▶ Required work
For the listing that follows, give again exactly the lines from the one with "Dokumentasi Survei penerapan" to the one with "Knabenschieszen in Zürich.", including both.

▶ Information given

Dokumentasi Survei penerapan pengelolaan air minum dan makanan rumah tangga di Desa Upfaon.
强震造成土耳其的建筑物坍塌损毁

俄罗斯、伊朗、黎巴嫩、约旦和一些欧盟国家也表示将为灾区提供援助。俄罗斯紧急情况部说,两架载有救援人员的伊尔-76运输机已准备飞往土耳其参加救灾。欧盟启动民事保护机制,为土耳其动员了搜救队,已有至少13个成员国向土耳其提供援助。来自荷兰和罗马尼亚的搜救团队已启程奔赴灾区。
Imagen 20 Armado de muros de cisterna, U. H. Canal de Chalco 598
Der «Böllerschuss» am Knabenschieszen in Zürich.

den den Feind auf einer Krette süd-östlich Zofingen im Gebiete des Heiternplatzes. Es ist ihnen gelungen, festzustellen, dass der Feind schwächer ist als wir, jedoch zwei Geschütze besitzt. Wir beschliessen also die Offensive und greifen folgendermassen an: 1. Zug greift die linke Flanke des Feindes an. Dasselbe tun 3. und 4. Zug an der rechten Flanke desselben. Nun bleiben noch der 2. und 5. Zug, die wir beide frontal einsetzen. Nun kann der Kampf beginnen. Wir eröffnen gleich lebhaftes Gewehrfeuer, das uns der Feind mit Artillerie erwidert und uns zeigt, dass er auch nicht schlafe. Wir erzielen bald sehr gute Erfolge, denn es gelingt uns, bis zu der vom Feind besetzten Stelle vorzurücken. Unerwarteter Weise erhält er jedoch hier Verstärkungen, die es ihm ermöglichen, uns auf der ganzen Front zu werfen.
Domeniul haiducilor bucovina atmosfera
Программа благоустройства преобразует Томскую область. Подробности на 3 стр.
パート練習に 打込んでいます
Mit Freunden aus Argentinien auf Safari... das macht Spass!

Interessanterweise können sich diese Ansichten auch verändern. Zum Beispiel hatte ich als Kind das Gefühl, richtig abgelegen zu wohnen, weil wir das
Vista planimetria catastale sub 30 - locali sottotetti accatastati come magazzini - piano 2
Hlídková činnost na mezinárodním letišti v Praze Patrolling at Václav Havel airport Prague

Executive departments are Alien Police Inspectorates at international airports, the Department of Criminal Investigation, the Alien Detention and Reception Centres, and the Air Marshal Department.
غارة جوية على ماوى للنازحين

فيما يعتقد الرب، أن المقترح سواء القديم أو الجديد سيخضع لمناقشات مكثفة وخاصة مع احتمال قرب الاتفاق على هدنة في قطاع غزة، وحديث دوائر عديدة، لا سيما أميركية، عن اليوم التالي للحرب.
--
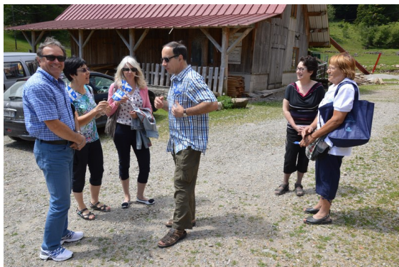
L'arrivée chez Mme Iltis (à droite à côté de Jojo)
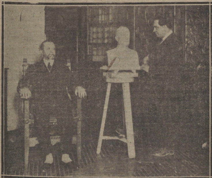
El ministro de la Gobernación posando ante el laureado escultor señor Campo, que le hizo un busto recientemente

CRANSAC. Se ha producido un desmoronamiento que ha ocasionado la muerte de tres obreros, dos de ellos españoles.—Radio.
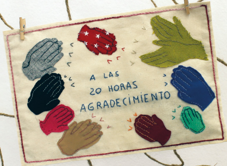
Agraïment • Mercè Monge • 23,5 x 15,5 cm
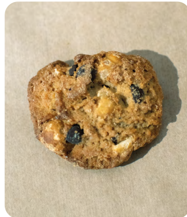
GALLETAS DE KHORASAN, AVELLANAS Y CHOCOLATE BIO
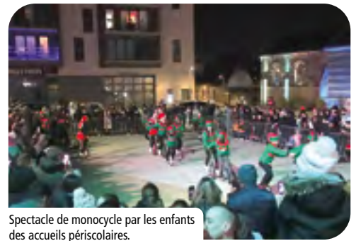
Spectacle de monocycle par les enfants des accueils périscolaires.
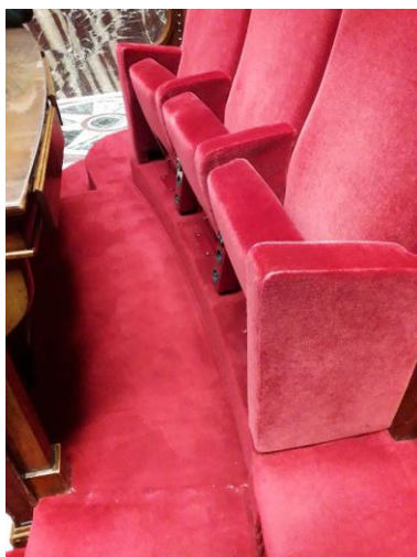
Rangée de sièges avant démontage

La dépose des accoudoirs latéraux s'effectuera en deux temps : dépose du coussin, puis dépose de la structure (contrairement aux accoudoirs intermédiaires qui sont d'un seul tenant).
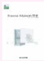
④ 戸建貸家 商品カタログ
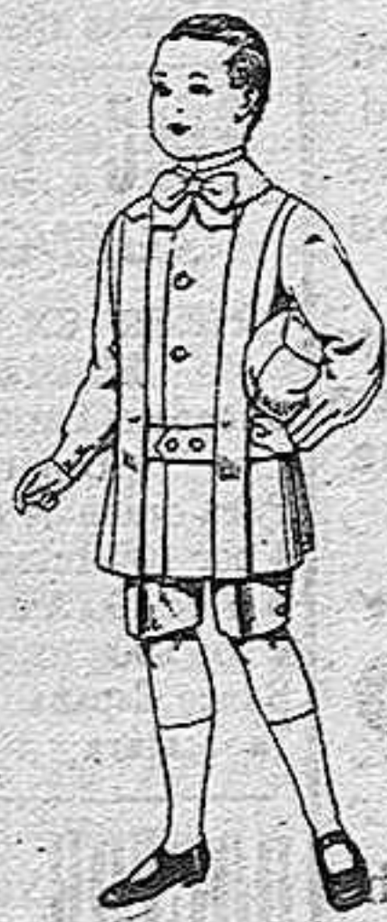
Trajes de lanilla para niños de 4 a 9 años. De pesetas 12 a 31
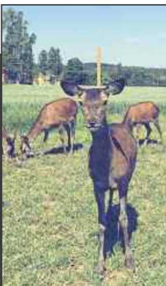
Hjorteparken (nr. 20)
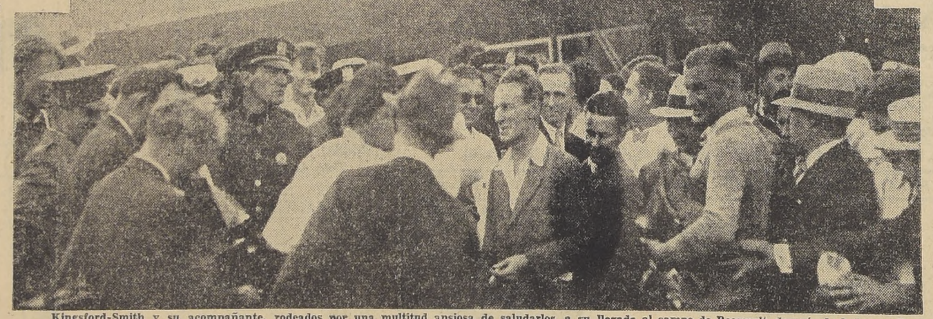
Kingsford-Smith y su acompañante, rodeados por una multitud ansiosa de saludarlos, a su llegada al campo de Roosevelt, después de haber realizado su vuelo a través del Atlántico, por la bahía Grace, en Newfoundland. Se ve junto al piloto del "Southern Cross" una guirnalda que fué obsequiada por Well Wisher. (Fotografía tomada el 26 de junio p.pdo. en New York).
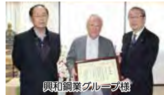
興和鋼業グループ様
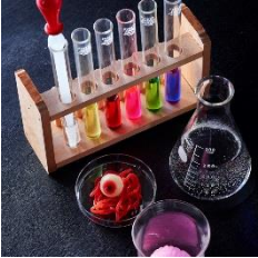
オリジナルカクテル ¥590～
--
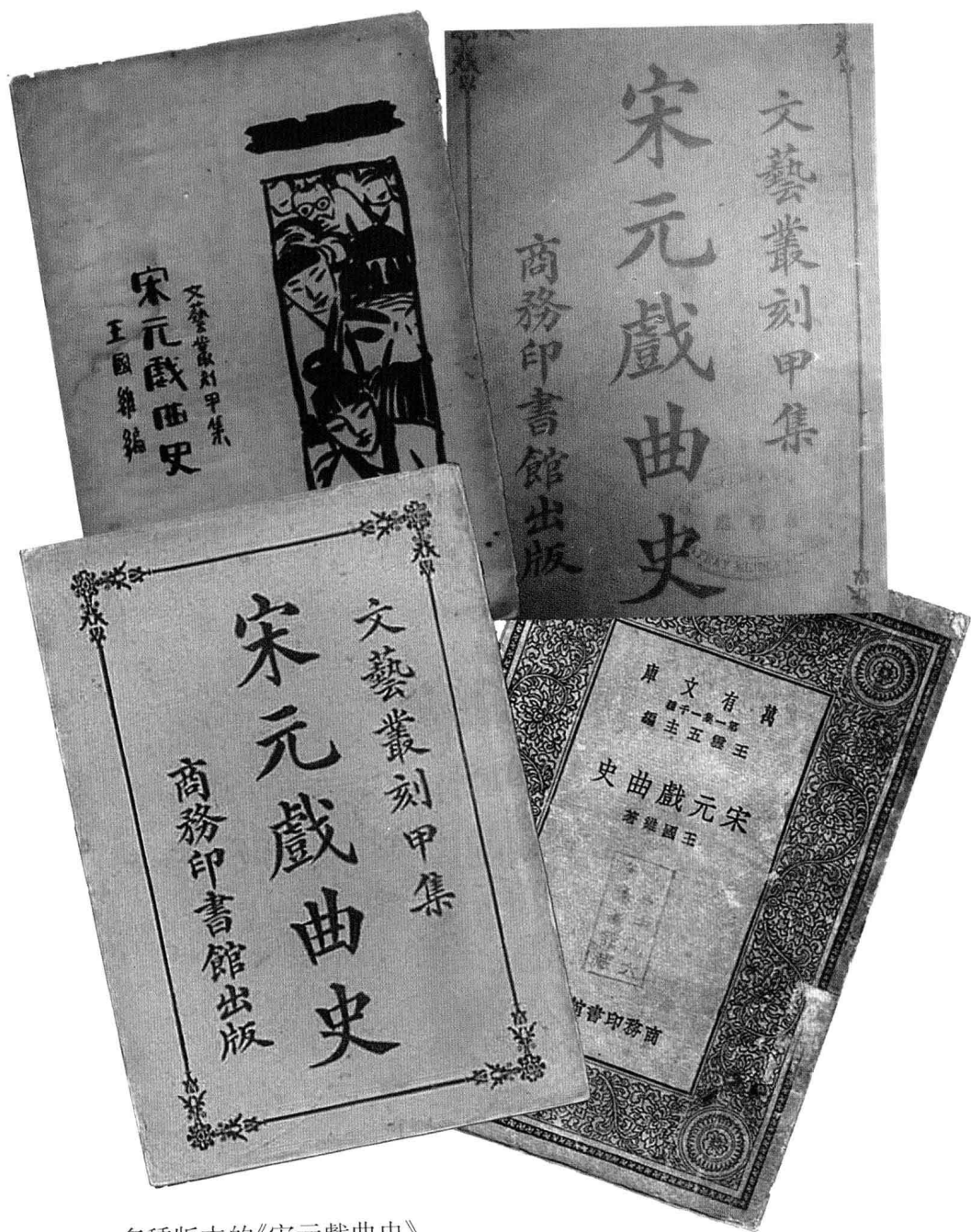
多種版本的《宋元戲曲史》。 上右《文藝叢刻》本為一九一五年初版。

▶ Output of the task
Dokumentasi Survei penerapan pengelolaan air minum dan makanan rumah tangga di Desa Upfaon.
强震造成土耳其的建筑物坍塌损毁

俄罗斯、伊朗、黎巴嫩、约旦和一些欧盟国家也表示将为灾区提供援助。俄罗斯紧急情况部说,两架载有救援人员的伊尔-76运输机已准备飞往土耳其参加救灾。欧盟启动民事保护机制,为土耳其动员了搜救队,已有至少13个成员国向土耳其提供援助。来自荷兰和罗马尼亚的搜救团队已启程奔赴灾区。
Imagen 20 Armado de muros de cisterna, U. H. Canal de Chalco 598
Der «Böllerschuss» am Knabenschieszen in Zürich.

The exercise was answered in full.